A mitologia nos traz o deus Pan, representação dos instintos, da potência
sexual e do medo. Trata-se de uma figura masculina selvagem, peluda, com chifres
e cascos que toca sua flauta, regendo os espíritos da natureza, das florestas e dos
animais. Sua feiura assombrava viajantes que adentrassem a floresta e fazia com
que retomassem seu caminho. Com isso, questiono se a negação do medo seria
positivo, afinal abarca nosso rumo, instintos, potência sexual, e, dependendo da
filosofia, o próprio universo, a natureza inteligente, fecunda e criadora.
O medo certamente pode nos levar à paralisia ou ao desvio do trajeto original
que nos traria aprendizados para construir uma vida com significado. O medo nos
alerta com a função de nos proteger, porém, como bem disse o poeta Bráulio Bessa,
vem para nos encorajar, pois o medo de perder faz cuidar, o de desistir nos faz
tentar, o da maldade nos faz amar, o do silêncio nos faz falar.
Desde muito nova convivi com o medo, por vezes esse medo me paralisou e
impediu de viver o que eu gostaria.
Hoje, analisando meus medos, percebo que meu medo de bruxa era relativo
aos imprevistos, pois desconhecer as engrenagens que movem o mundo tornava as
consequências contrárias às minhas intenções uma magia maligna. Já o medo de
lobisomem era o de ver pessoas amáveis, que me encantam e me atraem, se
transformarem em seres assustadores, com atitudes nocivas, ameaçadoras,
violentas. E meu maior medo sempre foi o de zumbis, pois sempre vinham em
quantidade para me cercar e me render, seguindo sem cérebro e buscando devorar
o cérebro dos outros, arrancando à força qualquer possibilidade dos outros serem
mais, desejando que todos andassem igualmente inertes e infelizes.

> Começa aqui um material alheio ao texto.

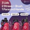 SKAULT water bottle comes with 3 lids; an innovative leak-proof Chug lid, Twist Lid and a straw lid that has been enhanced for better flow. Allowing for easy one-handed or hand-free sipping.
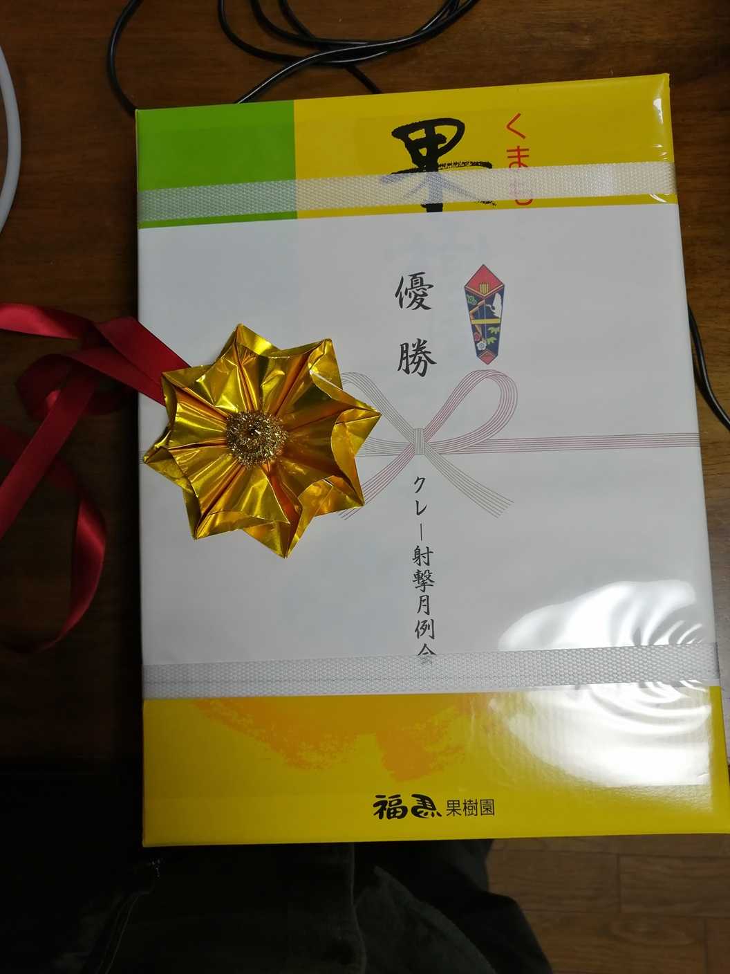 熊本県総合射撃場のミズノカップクレー射撃例会に参加しました。パッとしないスコアでしたが優勝することができました。今日は20回目の記念例会ということで金メダルもいただきました♪賞品は前回と同じく、地元益城の福馬農園さんの柿でした。

Tinha medo de não conseguir falar, o que me fez buscar outras formas de me
expressar. Tive medo de ser abandonada por não conseguir receber um olhar mais
atento, alegre, orgulhoso ou sequer compreensão e identidade, então busquei
constantemente formas de me tornar uma pessoa melhor. O medo de errar e
atrapalhar me fez ser atrapalhada e desastrada por muito tempo, tornando-me
metódica, sistemática e organizada. Tive medo de perder o braço direito por uma má
formação na cartilagem do ombro, o que me fez treinar a mão esquerda para
substituí-la se fosse o caso. Tive medo de ficar cega então estive mais atenta aos
treinamentos de artes marciais nos filmes para apurar minha audição. O medo de
ser reprovada em testes de princesa me fez treinar a sensibilidade tátil para sentir
um grão de feijão debaixo do colchão (não consegui, caso queiram saber, foi uma
das minhas frustrações na infância: eu percebi que não era princesa).

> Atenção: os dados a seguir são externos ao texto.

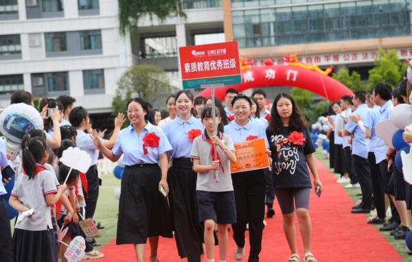 此次开学仪式将小学部和初中部九个年级巧妙地喻作月亮和太阳系八大行星,九个年级的年级主任及学生代表手持年级对应天体气球,依次走过红毯并激情宣言。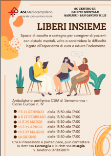 Sede: Gli incontri avranno luogo presso l’ambulatorio periferico CSM di Serramanna, in Corso Europa n. 19.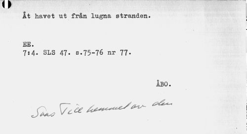 //// v r //// Åt havet ut från lugna stranden. i //// ¦ //// i //// ee. //// 7:4. SLS 47- s.75-76 nr 77- //// i //// åbo. //// i i //// « I ////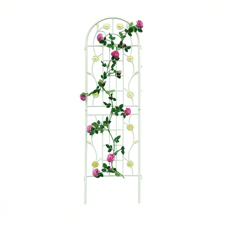 Metal Garden Trellis 71" X 19.7" Rustproof Outdoor Support For Climbing Plants Cream White Classic Style

Claro que na época eu não tinha noção das representações de cada medo e
nem do quanto o medo fazia por mim. Foi o medo de perder a memória que me
tornou escritora.
Então, para onde nossos instintos, nossa sexualidade, nossa natureza
inteligente, fecunda e criadora, e o próprio medo nos leva? À ação. A máxima “e se
der medo, vai com medo mesmo” diz para levar o medo conosco e não eliminar
antes de ir.
Acredito que seja exatamente pela adrenalina liberada que nos torna super ao
nos preparar para lutar ou fugir, trazendo à tona potenciais sobrehumanos como a
superforça que faz uma pessoa comum levantar um carro com as próprias mãos e
sem ajuda, arrancar o cinto de segurança do filho na mão, ter agilidade e reflexos
precisos como os de um Jack Chan, olhar minucioso e análise ágil, precisa e efetiva
como de um Sherlock. Tudo pela sobrevivência.

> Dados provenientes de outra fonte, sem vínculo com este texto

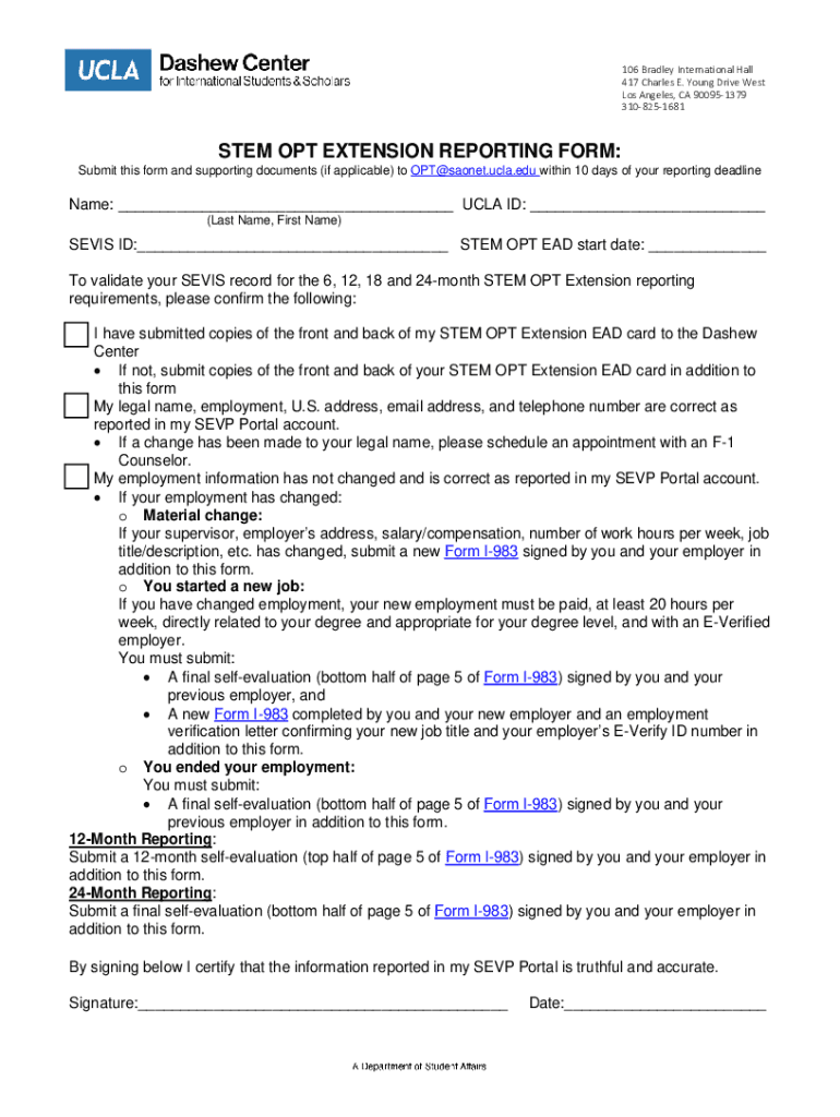 106 Bradley International Hall 417 Charles E. Young Drive West Los Angeles, CA 900951379 3108251681STEM OPT EXTENSION REPORTING FORM: Submit this form and supporting documents (if applicable) to OPT

O medo presentifica, traz a atenção total ao momento presente e a tudo o que
acontece ao redor, torna sensível o que nos acostumamos a ignorar. Então, conviver
com o medo é aprender a gratidão à força, pois é impossível não enxergar vitória em
cada ação concluída, os tímidos que o digam quando conseguem finalmente se
comunicar com quem gostariam. O medo que eu tinha de tudo poderia realmente ter
me paralisado em posição fetal durante toda a minha vida, porém foi minha decisão
de viver e conviver com ele que me tornou corajosa, afinal o medo de dizer “oi” é o
mesmo de expressar o que eu gostaria de comunicar.
Ter medo, para mim, é viver intensamente para que o medo de morrer não me
mate prematuramente e me torne um zumbi indiferente aos pedaços deixados pelo
caminho. Sinto que em minha plenitude reside a felicidade de ser quem sou.